● **Exercise materials**

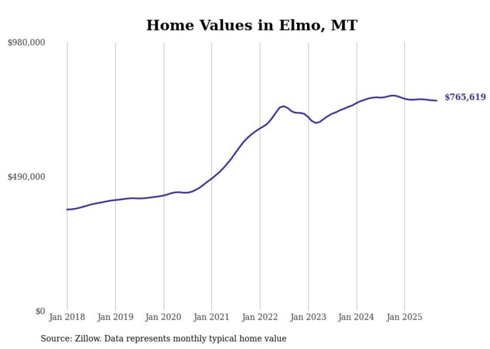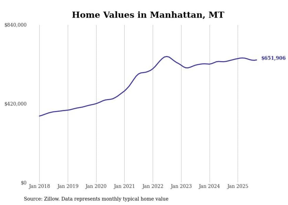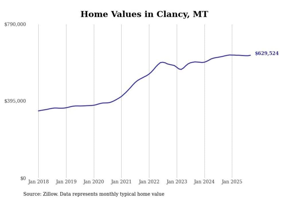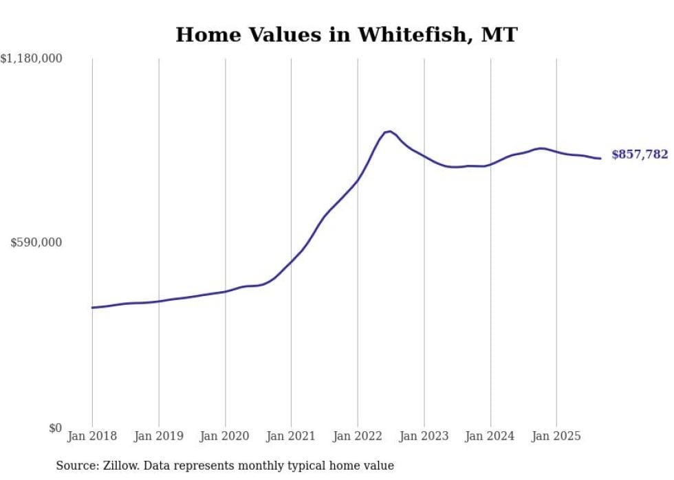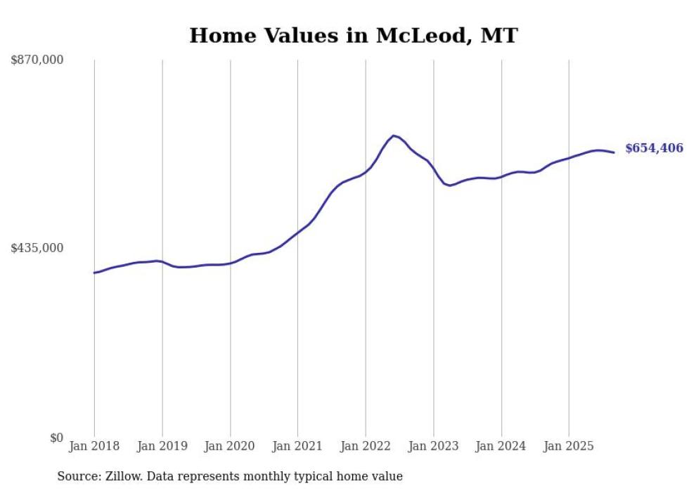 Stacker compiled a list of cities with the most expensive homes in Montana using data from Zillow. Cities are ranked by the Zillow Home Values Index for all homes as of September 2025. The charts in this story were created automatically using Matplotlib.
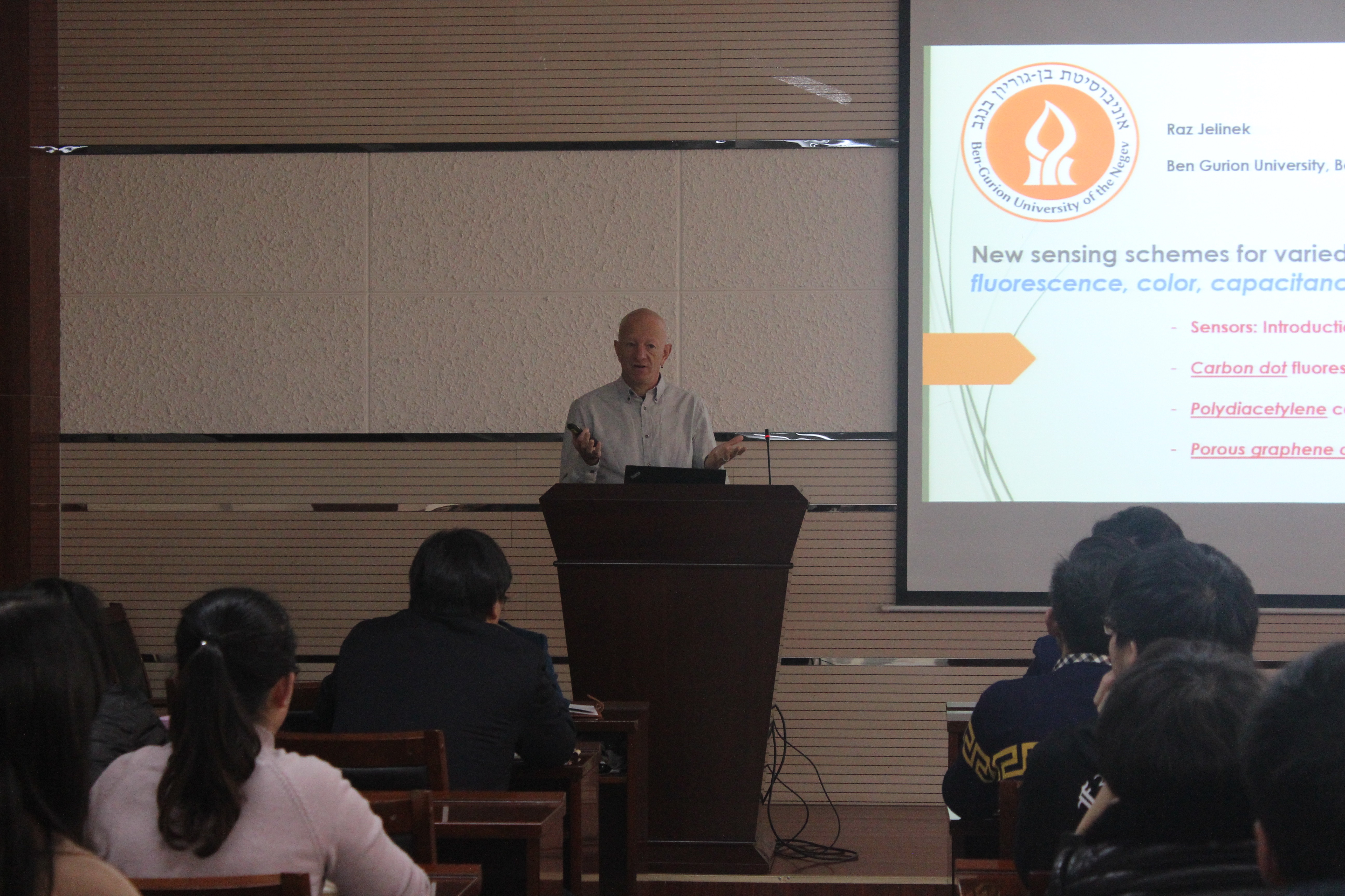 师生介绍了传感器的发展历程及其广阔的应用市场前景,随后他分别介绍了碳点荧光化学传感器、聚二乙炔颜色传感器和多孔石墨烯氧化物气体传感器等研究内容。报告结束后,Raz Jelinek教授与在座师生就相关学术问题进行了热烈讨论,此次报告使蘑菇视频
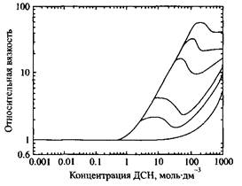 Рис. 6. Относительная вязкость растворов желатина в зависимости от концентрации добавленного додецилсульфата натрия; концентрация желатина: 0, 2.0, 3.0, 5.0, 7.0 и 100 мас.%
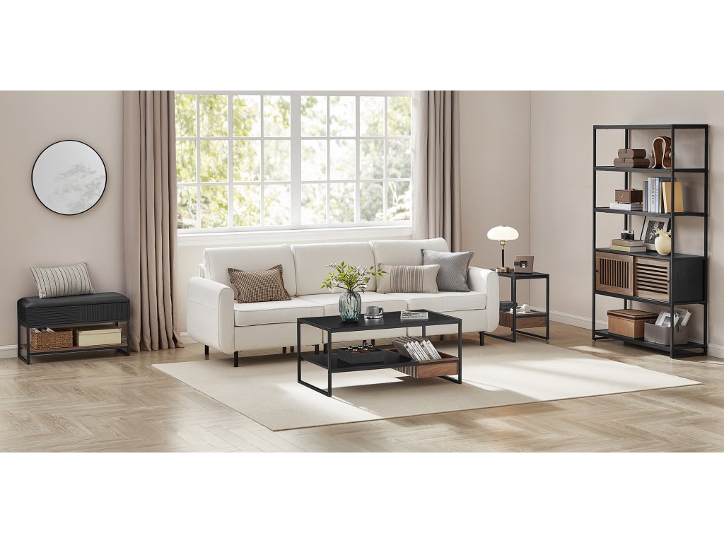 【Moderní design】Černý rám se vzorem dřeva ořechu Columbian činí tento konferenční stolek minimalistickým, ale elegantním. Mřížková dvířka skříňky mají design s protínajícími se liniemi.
==
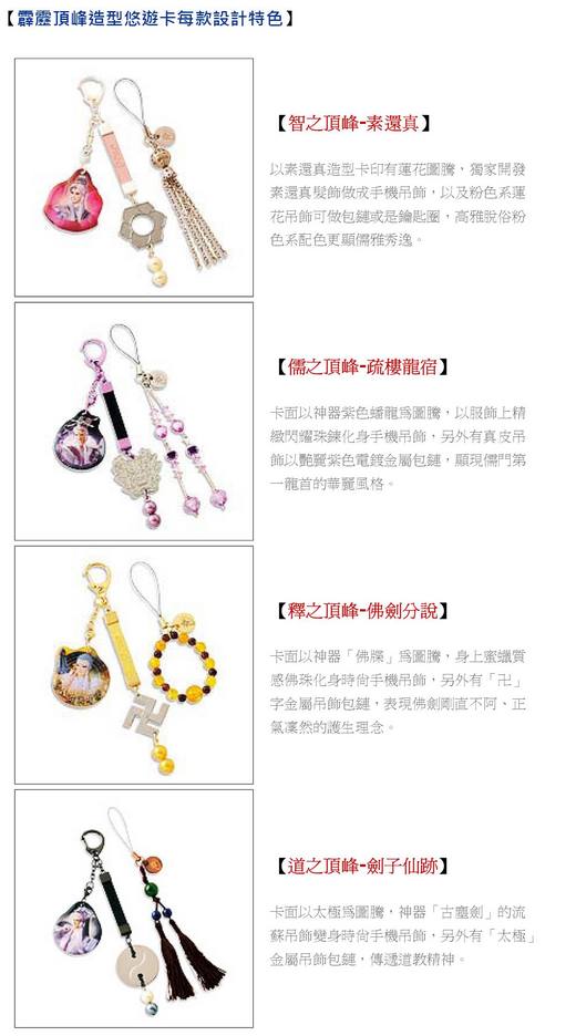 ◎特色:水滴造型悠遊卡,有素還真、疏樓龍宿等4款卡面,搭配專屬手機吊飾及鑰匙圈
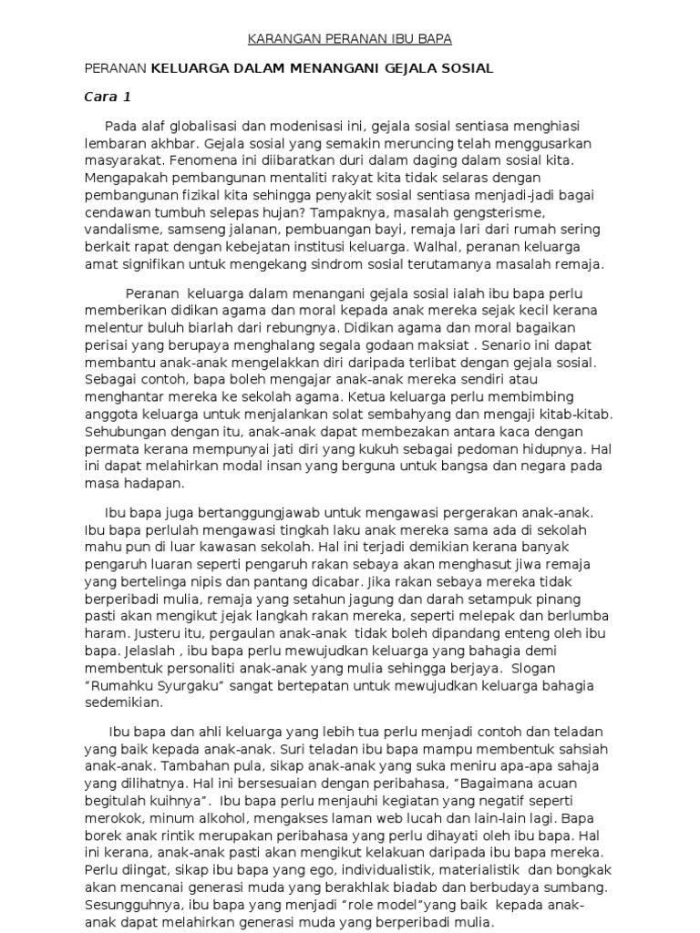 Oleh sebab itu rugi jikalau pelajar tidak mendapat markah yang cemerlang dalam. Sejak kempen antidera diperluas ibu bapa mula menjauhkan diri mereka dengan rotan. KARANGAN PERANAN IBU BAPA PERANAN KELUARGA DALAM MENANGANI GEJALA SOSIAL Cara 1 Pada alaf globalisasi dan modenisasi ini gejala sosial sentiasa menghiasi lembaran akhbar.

● **Task prompt**
From the material above, reproduce only what runs from the line holding "师生介绍了传感器的发展历程及" down to the line holding "protínajícími se liniemi.", both included, pictures excluded.

● **Task answer**
 师生介绍了传感器的发展历程及其广阔的应用市场前景,随后他分别介绍了碳点荧光化学传感器、聚二乙炔颜色传感器和多孔石墨烯氧化物气体传感器等研究内容。报告结束后,Raz Jelinek教授与在座师生就相关学术问题进行了热烈讨论,此次报告使蘑菇视频
 Рис. 6. Относительная вязкость растворов желатина в зависимости от концентрации добавленного додецилсульфата натрия; концентрация желатина: 0, 2.0, 3.0, 5.0, 7.0 и 100 мас.%
 【Moderní design】Černý rám se vzorem dřeva ořechu Columbian činí tento konferenční stolek minimalistickým, ale elegantním. Mřížková dvířka skříňky mají design s protínajícími se liniemi.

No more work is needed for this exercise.